Andrew Cockburn co-producer of the documentary "American Casino" talks about the sub-prime crash.

Bio: Andrew Cockburn is an Irish journalist, author and filmmaker who has lived in the United States for many years.

Transcript

PAUL JAY: Welcome to The Real News Network. There's a new documentary out. It's called American Casino. It's made by Andrew Cockburn and his wife Leslie. It's a fascinating exposé of the subprime mortgage scandal and how the system works. There's a piece, an interview in the documentary, that jumped out at me. I'll play it for you now.

MICHAEL GREENBERGER: To understand why this is like a gambling casino, you have to understand what's at stake here. On a December evening, December 15, 2000, around seven o'clock, Phil Gramm, Republican Senator of Texas and the chair of the Senate Finance Committee, walked to the floor of the Senate and introduced a 262-page bill as a rider to the 11,000 page appropriation bill, which excluded from regulation the financial instruments that are probably most at the heart of the present meltdown. He not only excluded them from all federal regulation, but he excluded them from state regulation as well, which is important, because these instruments could be viewed to be gambling instruments, where you're betting on whether people will or will not pay off their loans. And he announced at the time that this measure would be a boon to the American economy and it'd be a boon to Wall Street, because they would be freed of any supervision in this regard. And that lack of supervision freed Wall Street to essentially shoot itself in both feet.

JAY: Now joining us is one of the coproducers, Andrew Cockburn. Andrew's an author, a writer, a filmmaker, a coproducer of the film American Casino. Thanks for joining us, Andrew.

COCKBURN: Hey, you're welcome.

JAY: So this clip we played from the film, it makes it quite clear that this was a very conscious activity, this subprime mortgage fiasco. What I mean by "conscious," not just on the part of Wall Street, but to enable this they needed their political allies in Washington to create the legislative regulatory space for this scheme. Talk about this.

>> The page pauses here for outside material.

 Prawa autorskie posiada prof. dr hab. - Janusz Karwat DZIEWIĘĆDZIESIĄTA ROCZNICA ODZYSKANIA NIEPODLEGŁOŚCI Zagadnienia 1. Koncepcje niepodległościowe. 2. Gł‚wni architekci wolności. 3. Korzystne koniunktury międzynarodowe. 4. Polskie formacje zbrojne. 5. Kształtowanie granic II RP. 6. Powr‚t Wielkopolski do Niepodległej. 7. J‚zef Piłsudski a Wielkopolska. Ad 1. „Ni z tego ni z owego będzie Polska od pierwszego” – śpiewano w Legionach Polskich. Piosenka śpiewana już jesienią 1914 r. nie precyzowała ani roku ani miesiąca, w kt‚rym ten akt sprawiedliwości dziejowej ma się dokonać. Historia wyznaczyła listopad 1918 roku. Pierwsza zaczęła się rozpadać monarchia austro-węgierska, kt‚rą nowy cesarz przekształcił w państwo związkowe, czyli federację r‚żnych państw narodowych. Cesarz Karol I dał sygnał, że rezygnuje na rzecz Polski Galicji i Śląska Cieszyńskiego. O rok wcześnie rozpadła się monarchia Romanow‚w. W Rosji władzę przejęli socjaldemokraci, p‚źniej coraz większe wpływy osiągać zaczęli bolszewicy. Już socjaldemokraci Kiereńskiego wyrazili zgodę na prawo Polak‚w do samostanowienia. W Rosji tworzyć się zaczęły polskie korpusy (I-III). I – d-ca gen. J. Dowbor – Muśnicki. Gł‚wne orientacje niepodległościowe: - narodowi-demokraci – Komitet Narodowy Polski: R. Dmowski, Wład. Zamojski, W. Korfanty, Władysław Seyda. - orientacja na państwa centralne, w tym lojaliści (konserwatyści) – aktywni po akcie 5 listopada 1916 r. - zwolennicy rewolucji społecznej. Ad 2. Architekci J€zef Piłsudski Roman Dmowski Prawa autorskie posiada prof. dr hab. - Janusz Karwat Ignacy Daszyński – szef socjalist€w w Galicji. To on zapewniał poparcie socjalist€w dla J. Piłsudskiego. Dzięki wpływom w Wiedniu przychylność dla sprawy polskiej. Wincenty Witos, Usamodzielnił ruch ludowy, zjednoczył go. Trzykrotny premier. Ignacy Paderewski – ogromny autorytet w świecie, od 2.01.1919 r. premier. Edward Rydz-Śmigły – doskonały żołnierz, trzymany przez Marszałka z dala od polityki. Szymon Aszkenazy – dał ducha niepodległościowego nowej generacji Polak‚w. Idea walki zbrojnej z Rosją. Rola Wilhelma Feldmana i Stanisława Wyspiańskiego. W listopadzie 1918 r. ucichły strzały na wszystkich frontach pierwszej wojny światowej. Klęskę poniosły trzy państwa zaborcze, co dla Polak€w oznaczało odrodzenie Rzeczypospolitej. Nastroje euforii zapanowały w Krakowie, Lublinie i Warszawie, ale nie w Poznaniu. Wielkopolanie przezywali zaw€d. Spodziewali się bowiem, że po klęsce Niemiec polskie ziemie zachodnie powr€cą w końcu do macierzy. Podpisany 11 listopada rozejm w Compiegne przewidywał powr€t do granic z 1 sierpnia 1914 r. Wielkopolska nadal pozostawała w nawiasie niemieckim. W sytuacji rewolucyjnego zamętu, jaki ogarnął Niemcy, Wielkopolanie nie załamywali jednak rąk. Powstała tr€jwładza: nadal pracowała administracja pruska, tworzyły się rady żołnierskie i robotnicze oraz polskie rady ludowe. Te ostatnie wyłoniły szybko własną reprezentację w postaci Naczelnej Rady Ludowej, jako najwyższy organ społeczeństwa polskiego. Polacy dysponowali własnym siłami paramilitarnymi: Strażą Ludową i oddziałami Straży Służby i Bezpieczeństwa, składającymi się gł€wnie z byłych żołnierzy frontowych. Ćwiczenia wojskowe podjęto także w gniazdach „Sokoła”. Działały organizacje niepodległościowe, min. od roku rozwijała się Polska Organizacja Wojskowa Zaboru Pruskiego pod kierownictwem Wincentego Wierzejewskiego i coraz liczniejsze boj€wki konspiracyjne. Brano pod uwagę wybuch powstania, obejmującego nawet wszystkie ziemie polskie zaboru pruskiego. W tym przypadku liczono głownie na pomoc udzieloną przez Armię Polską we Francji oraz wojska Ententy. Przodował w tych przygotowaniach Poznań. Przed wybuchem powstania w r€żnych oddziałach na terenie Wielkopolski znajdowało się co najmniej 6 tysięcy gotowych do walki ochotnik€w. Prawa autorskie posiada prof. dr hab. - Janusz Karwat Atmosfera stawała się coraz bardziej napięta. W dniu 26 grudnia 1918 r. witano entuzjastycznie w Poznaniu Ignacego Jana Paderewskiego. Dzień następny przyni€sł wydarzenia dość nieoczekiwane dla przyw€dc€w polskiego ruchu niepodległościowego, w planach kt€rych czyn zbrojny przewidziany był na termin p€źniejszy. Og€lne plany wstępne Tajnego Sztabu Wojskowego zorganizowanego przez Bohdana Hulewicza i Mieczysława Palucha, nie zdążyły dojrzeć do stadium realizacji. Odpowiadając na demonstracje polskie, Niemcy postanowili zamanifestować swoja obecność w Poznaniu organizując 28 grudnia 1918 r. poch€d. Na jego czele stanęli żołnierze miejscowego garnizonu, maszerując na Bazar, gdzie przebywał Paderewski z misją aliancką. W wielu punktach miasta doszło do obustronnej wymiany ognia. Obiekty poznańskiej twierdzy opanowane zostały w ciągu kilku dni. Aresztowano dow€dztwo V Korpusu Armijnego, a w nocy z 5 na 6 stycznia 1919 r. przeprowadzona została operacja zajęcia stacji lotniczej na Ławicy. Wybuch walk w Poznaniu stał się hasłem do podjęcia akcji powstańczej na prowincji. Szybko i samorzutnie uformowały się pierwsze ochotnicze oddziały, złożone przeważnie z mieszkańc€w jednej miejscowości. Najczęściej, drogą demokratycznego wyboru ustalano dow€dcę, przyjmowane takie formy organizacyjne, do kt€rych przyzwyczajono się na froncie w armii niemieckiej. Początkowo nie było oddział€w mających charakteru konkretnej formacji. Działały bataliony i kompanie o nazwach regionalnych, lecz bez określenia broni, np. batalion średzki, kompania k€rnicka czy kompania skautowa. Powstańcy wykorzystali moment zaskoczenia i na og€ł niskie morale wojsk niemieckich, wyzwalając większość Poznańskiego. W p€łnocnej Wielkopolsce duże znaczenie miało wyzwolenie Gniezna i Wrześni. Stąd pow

COCKBURN: Sure. I mean, what Michael Greenberger was talking about there was the creation of the legalization of this credit default swap, which is basically a form of gambling. It's basically a way of taking bets, making bets on whether companies and bonds and various other financial instruments would fail or not, and it was actually something that was rendered illegal in 1929. So they legalized it, and that enabled them to make, basically—well, to persuade themselves that they weren't taking any risk in them giving people these very, you know, squishy loans, the subprime loans, and all sorts of other credit, like cars. They'd taken bets so that if they failed, if the loans went bad, they were covered. I mean, it gets a little bit more complicated than that, but that's basically it. This kind of legalized gambling, Wall Street gambling, this is really almost a culminating stage of something that had been going on since at least 1980, or since the Reagan administration, 'cause what Reagan and his merry men hated and what Wall Street always hated was the New Deal, was the reaction to the 1929 crash when, you know, we'd had all sorts of regulation and law enforcement, which had stopped these idiots, you know, for a while at least, you know, [inaudible] bringing the economy down around our ears. But, you know, with all sorts of legislative, you know, lobbying and paying off politicians and corrupting the media and, you know, part of a huge offensive, what we had was the stage set by 2000 for the whole lawless condition on Wall Street that has brought us, you know, the current financial meltdown, which is still going on.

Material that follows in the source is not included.